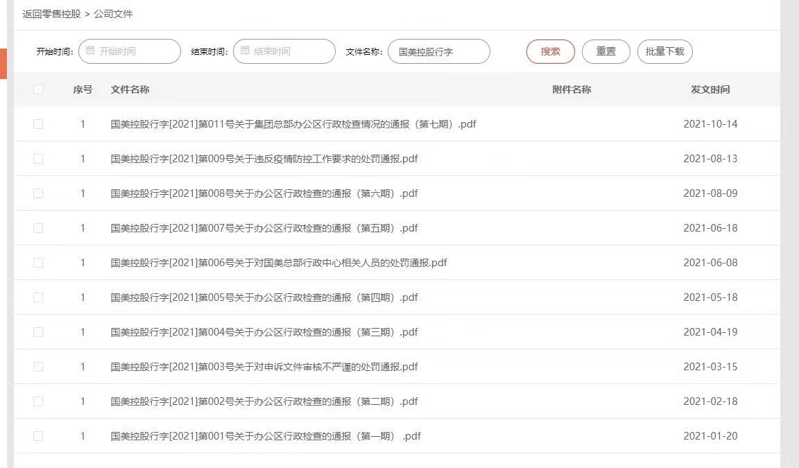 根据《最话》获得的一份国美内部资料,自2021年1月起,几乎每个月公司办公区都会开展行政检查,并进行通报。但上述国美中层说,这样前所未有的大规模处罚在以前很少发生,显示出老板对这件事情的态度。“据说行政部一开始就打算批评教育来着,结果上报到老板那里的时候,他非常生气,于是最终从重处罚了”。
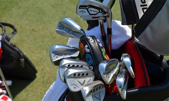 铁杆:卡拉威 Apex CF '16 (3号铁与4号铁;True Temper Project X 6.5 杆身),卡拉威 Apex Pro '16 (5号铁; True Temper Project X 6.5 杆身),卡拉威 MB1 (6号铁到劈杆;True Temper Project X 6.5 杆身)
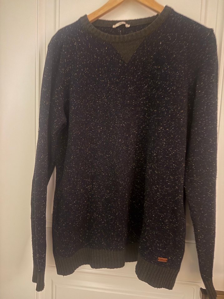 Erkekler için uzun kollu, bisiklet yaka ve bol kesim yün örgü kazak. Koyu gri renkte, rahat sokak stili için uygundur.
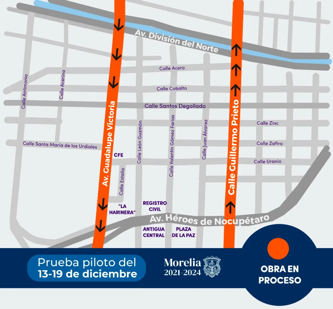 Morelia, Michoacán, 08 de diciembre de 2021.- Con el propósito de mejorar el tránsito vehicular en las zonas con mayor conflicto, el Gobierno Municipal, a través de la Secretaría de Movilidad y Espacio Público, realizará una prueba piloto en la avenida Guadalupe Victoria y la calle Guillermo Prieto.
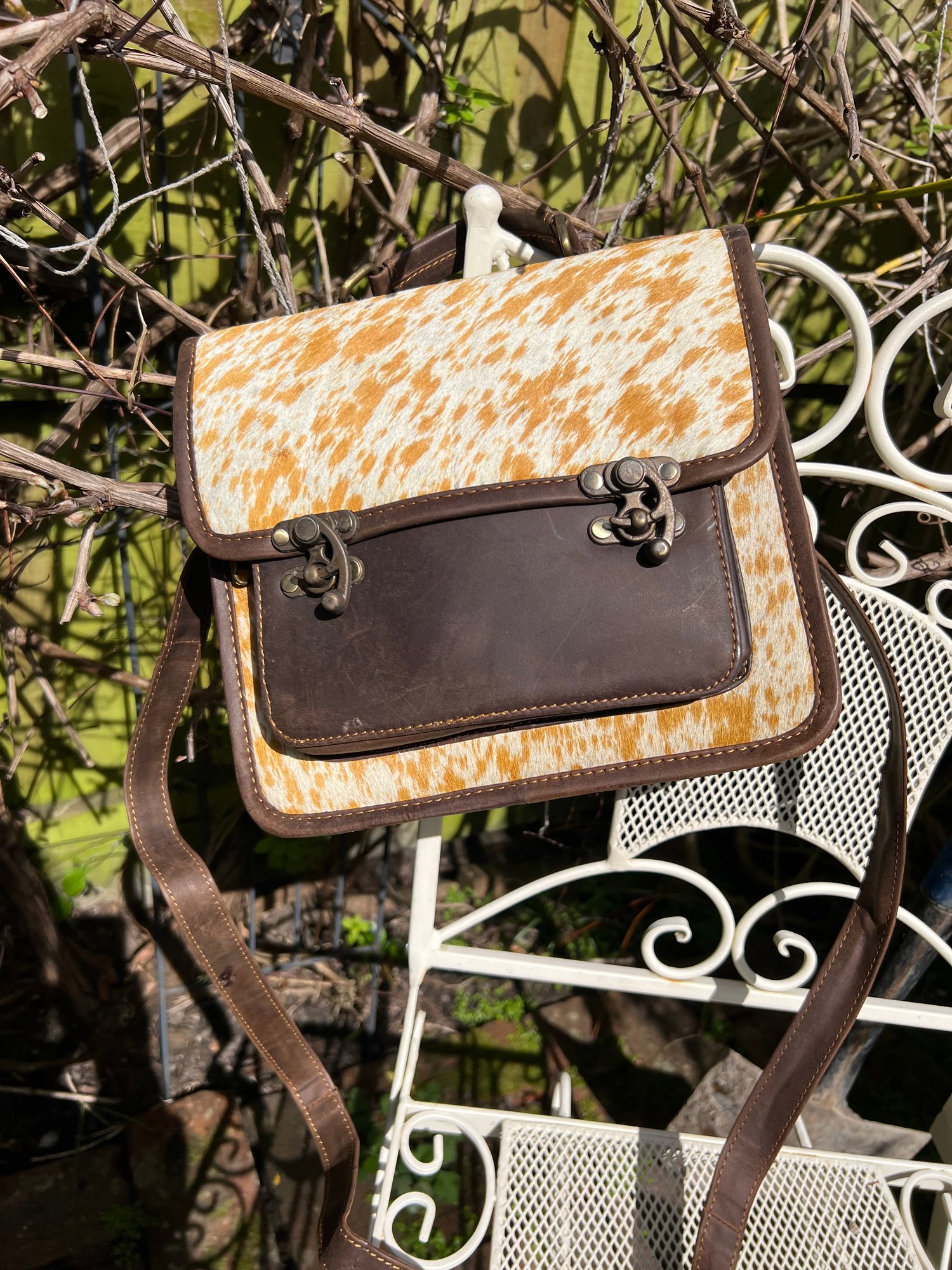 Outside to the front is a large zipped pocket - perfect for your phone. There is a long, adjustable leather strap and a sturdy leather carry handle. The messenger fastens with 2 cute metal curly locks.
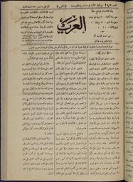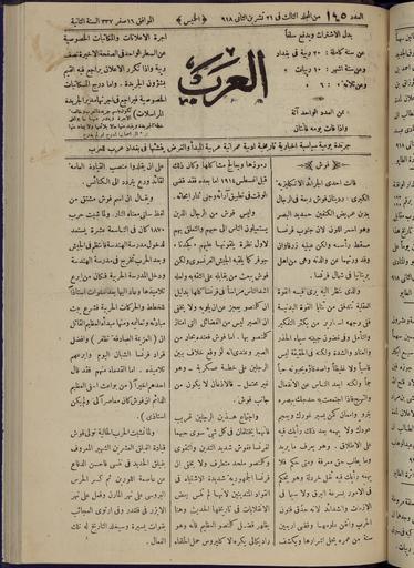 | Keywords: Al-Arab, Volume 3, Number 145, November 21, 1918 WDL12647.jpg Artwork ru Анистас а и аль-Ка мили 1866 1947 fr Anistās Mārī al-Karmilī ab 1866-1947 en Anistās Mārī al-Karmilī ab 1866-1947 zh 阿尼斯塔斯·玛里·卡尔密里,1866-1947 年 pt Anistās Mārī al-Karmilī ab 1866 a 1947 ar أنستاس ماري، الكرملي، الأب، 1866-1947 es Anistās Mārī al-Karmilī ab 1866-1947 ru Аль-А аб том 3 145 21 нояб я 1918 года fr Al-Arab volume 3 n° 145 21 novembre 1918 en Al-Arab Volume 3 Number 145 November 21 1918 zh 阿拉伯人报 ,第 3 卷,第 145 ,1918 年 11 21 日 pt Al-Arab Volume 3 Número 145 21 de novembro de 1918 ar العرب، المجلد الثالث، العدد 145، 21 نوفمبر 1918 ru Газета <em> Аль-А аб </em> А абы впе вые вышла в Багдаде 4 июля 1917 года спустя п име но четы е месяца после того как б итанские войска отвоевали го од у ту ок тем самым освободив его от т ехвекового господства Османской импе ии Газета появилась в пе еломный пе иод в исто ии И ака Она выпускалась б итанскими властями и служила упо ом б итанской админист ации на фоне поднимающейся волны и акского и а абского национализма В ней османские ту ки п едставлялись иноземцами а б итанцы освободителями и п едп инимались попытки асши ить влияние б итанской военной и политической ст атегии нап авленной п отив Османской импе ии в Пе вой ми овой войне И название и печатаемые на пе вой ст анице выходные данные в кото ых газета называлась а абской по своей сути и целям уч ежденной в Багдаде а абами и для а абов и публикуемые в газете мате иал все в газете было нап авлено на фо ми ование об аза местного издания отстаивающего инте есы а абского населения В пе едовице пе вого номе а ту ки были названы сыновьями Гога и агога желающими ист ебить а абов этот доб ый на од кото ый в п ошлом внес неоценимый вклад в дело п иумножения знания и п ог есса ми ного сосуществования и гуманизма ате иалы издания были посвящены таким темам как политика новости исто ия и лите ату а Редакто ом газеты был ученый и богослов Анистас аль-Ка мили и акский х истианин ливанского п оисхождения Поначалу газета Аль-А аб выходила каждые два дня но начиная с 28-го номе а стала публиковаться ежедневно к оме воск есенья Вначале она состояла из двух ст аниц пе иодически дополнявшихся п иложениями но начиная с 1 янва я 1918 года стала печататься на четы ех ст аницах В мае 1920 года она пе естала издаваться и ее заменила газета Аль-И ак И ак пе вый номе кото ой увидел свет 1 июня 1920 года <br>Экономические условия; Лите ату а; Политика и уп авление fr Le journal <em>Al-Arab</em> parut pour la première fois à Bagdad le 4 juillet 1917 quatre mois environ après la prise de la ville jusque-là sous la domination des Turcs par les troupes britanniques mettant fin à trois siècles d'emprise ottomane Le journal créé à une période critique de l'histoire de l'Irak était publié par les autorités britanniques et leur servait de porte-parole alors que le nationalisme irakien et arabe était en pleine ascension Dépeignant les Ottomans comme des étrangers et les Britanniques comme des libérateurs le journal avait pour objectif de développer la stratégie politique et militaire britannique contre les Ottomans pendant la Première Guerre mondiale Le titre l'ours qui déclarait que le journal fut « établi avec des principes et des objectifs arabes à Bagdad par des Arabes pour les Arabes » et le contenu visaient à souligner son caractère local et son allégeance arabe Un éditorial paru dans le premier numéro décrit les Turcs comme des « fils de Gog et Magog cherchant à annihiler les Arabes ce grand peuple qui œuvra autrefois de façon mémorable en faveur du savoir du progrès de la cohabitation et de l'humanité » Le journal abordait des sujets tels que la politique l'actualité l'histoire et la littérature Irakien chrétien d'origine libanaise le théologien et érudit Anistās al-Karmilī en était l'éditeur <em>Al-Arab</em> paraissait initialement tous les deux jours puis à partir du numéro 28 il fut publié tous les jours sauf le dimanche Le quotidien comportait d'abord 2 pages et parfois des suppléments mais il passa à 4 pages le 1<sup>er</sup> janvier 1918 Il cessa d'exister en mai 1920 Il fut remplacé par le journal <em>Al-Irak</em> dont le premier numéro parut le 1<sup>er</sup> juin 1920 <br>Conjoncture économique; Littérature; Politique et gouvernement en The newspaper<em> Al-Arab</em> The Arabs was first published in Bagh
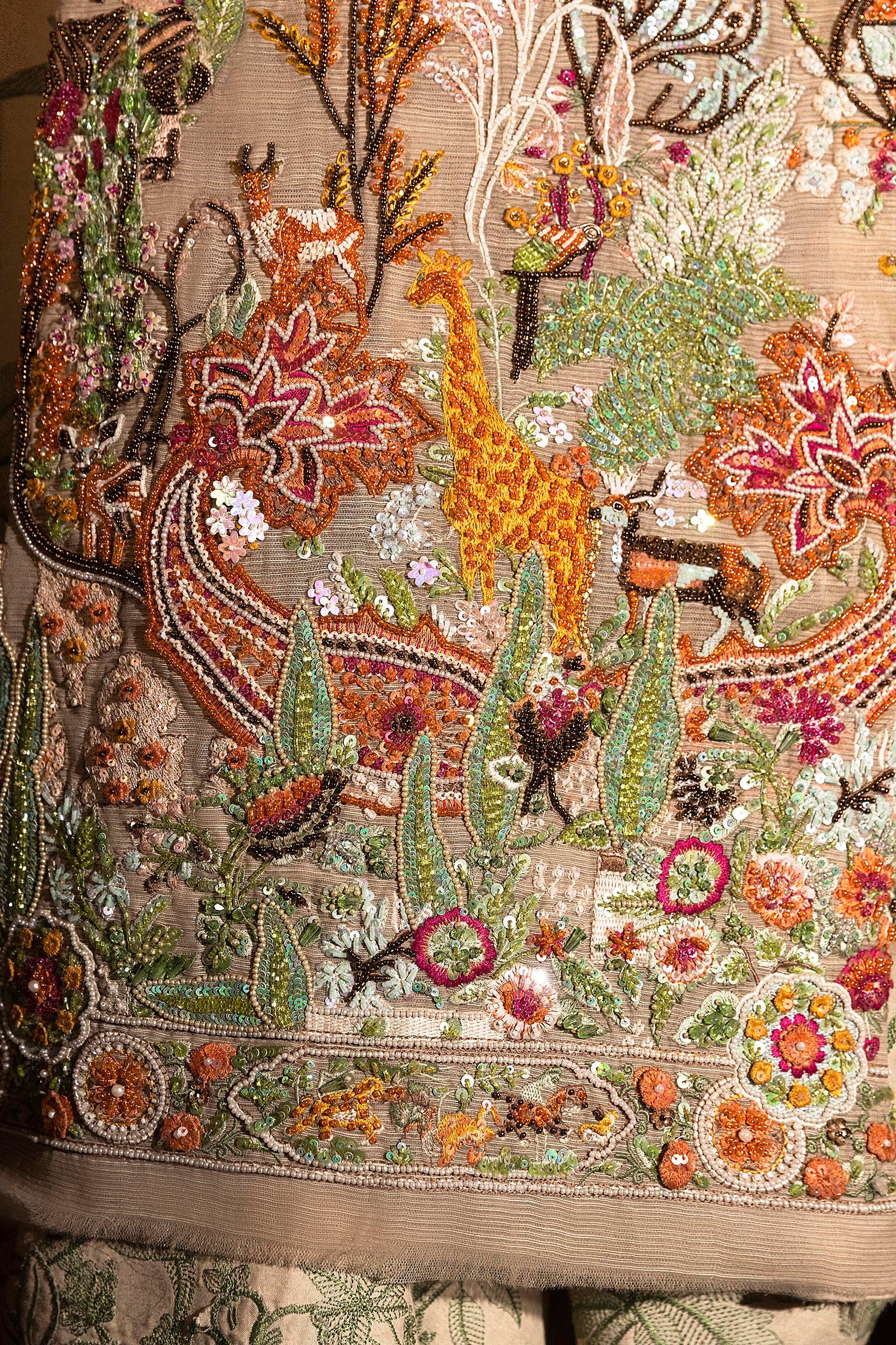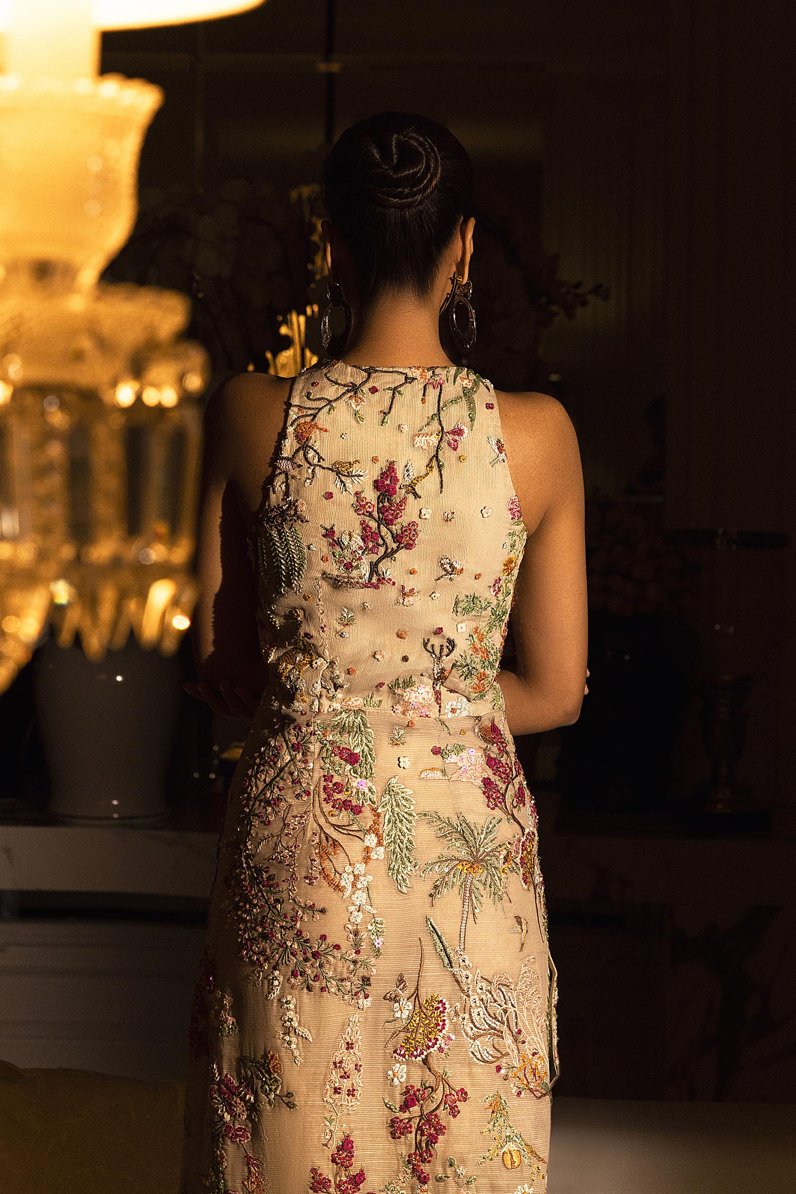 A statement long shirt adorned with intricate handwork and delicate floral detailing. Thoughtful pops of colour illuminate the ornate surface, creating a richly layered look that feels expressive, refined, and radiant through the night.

====

> What is required
Exactly and only the lines from the top of the records down to the line containing "Outside to the" should be transcribed, please, without the pictures.

> Task response
 根据《最话》获得的一份国美内部资料,自2021年1月起,几乎每个月公司办公区都会开展行政检查,并进行通报。但上述国美中层说,这样前所未有的大规模处罚在以前很少发生,显示出老板对这件事情的态度。“据说行政部一开始就打算批评教育来着,结果上报到老板那里的时候,他非常生气,于是最终从重处罚了”。
 铁杆:卡拉威 Apex CF '16 (3号铁与4号铁;True Temper Project X 6.5 杆身),卡拉威 Apex Pro '16 (5号铁; True Temper Project X 6.5 杆身),卡拉威 MB1 (6号铁到劈杆;True Temper Project X 6.5 杆身)
 Erkekler için uzun kollu, bisiklet yaka ve bol kesim yün örgü kazak. Koyu gri renkte, rahat sokak stili için uygundur.
 Morelia, Michoacán, 08 de diciembre de 2021.- Con el propósito de mejorar el tránsito vehicular en las zonas con mayor conflicto, el Gobierno Municipal, a través de la Secretaría de Movilidad y Espacio Público, realizará una prueba piloto en la avenida Guadalupe Victoria y la calle Guillermo Prieto.
 Outside to the front is a large zipped pocket - perfect for your phone. There is a long, adjustable leather strap and a sturdy leather carry handle. The messenger fastens with 2 cute metal curly locks.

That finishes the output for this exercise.